▶ **Work item**
Copy out the data exactly as it appears, without a single image.

▶ **Collected data**

☆ ☆ ☆ ☆ ☆

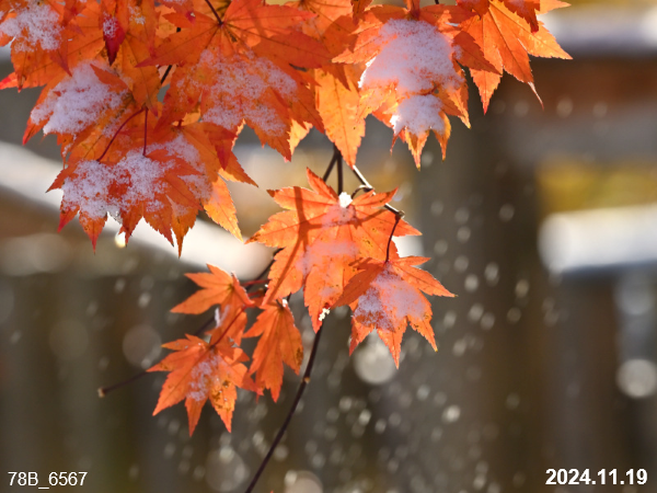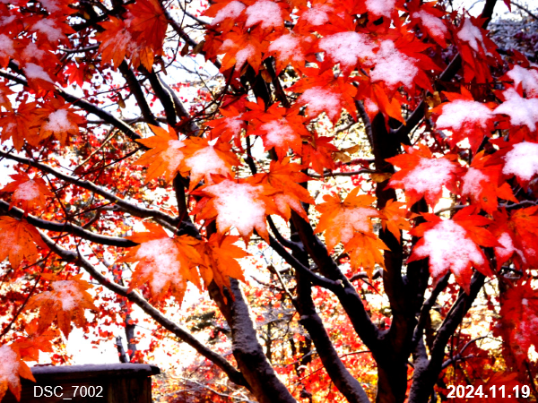 11月19日おいらせ町にも雪が積もりました。下田公園のキャンプ場では見事な雪紅葉が見られました。
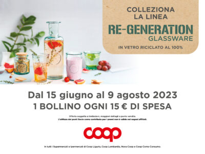 Lasciati conquistare dall’esclusiva linea di prodotti firmati RE-GENERATION in vetro 100% riciclato e inizia a raccogliere i bollini.
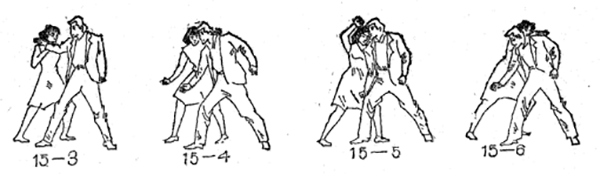 上动不停,左脚借拧身转体之势,扣上一步,脚置于他右腾后方。我右手继继将其臂向外推挡。如图15一3所示。
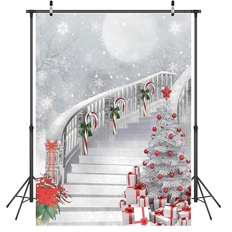 Lywygg 5x7ft Frohe Weihnachten Weihnachtsbaum Fotografie Hintergründe Weiß Fliegenden Schnee Kulissen Weihnachten Treppen Hintergrund Studio Prop

☆ ☆ ☆ ☆ ☆

▶ **Solution**
 11月19日おいらせ町にも雪が積もりました。下田公園のキャンプ場では見事な雪紅葉が見られました。
 Lasciati conquistare dall’esclusiva linea di prodotti firmati RE-GENERATION in vetro 100% riciclato e inizia a raccogliere i bollini.
 上动不停,左脚借拧身转体之势,扣上一步,脚置于他右腾后方。我右手继继将其臂向外推挡。如图15一3所示。
 Lywygg 5x7ft Frohe Weihnachten Weihnachtsbaum Fotografie Hintergründe Weiß Fliegenden Schnee Kulissen Weihnachten Treppen Hintergrund Studio Prop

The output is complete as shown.